Nothing about heroes and villains and space.

*

When Jim was seven (and still smiled at her when she returned from research on distant worlds, bright as the sun and toothy when she walked in the door, no matter what hour of day), a command-track cadet about to graduate sent her a private comm with a dissertation attached. Christopher Pike, his name was, and she expected something along the lines of sentient trees, or something along her expertise, using some of her research perhaps; she got a few of these every year around graduation, just as a thank-you, she supposed. 

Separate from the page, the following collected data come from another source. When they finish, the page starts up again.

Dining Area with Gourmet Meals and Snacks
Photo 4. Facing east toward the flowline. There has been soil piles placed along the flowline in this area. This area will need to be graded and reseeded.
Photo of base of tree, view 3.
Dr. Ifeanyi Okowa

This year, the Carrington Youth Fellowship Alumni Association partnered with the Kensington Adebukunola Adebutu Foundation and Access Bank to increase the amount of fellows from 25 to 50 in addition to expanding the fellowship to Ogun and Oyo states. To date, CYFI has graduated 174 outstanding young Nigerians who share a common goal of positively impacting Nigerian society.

This was not one of those. 

His dissertation was on the _Kelvin_ , full of details on all members of the crew, command, science, research, the whole bit. He had the recordings of those last moments, and _god_ she could hear Jim’s first cries, just as she was still there, George rambling about Tiberius, his final _I love_ —

For hours, she locked herself in her bedroom, stared at the ceiling, breathed through the memories. Iowa went dark-dusky-red-orange around her. Sam scratched at the door a few times, murmuring about dinner, going to pick up pizza with Frank, they’d be back in a while, Jim’s still here, Mom—

Jim, he just cracked the lock.

From under the blanket that still smelled like George when she shut her eyes hard enough, she could hear soft footsteps, smell the hay and grass and dirt that Jim always seemed to carry with him, no matter how many times he bathed. He hoisted himself on the bed, crouching in the corner by her feet, and she couldn’t hide anymore. Not with Jim there.

Taking a deep breath, she lifted the blanket from her head, looking down with still-puffy eyes at her too-skinny boy, all tow-headed and gangly. “How’d you do it?” she asked, voice a little hoarse.

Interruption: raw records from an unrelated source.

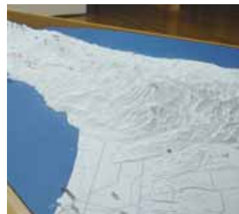
The 1:25,000 topographic model presents the sights of Shiretoko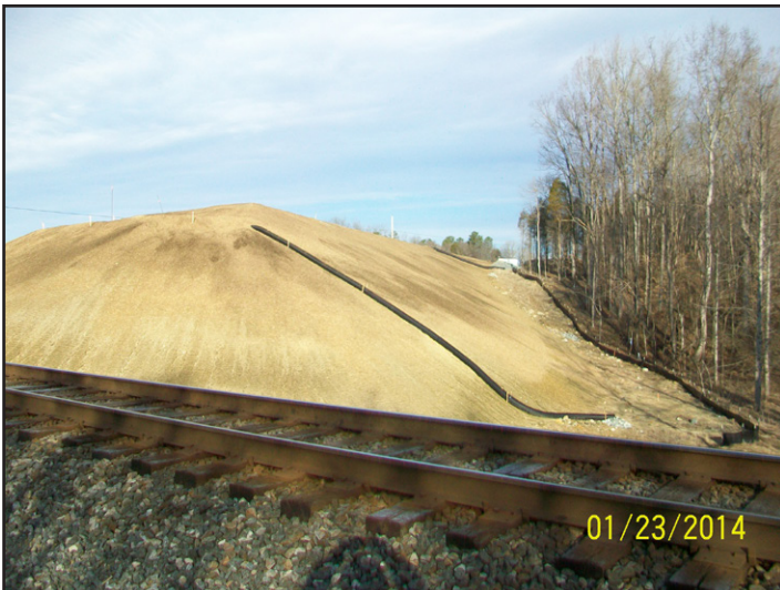
C-4901C Turner Road - Approach Fill Grading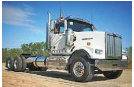
2012 Western Star 4900FA, 275 in WB, DD15 Detroit 560 hp, 18 Spd OD, Jakes, 20K Front, 4.10 Ratio, Neway 52,000 lb Air Ride, 48" A/S 5th Wheel, Dual 125 Gal Alum Tanks, Alum Wheels, Tinted Sliding Rear Window. New . (CPBM7234-SAN-2)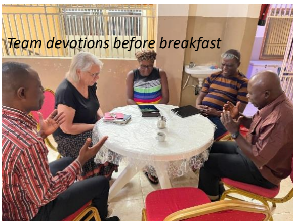
Team devotions before breakfast

Kono There were 99 delegates at Kono, mostly young couples. The couples enjoyed interacting with each other and praying together.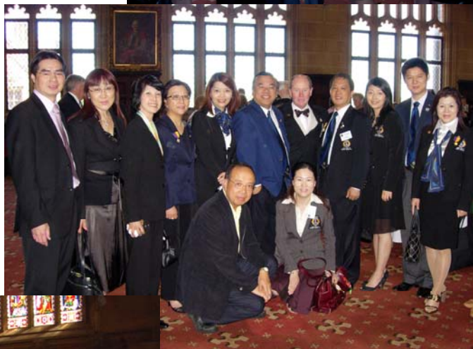
Sydney Chinese Lions at the Handover Ceremony

Jim shrugged, and he looked all bones and skin, worried. “A couple ‘a bobby pins,” he said, not apologetic, not sheepish. Factual. Solid. Like George.

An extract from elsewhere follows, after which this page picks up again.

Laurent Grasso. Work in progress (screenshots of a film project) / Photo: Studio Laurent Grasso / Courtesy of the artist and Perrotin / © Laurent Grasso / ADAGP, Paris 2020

( _In their second year at the Academy, after her father’s death off-world, she locked herself in her quarters, fail-safes including, because she just wanted to be_ alone. _After five hours, George hacked in and picked the lock, so to speak. Seeing him at the foot of her bed, she had been angry for maybe three minutes before letting him curl up on her tiny regulation twin bed and hold her until she stopped shaking from tears she would never shed._ ) 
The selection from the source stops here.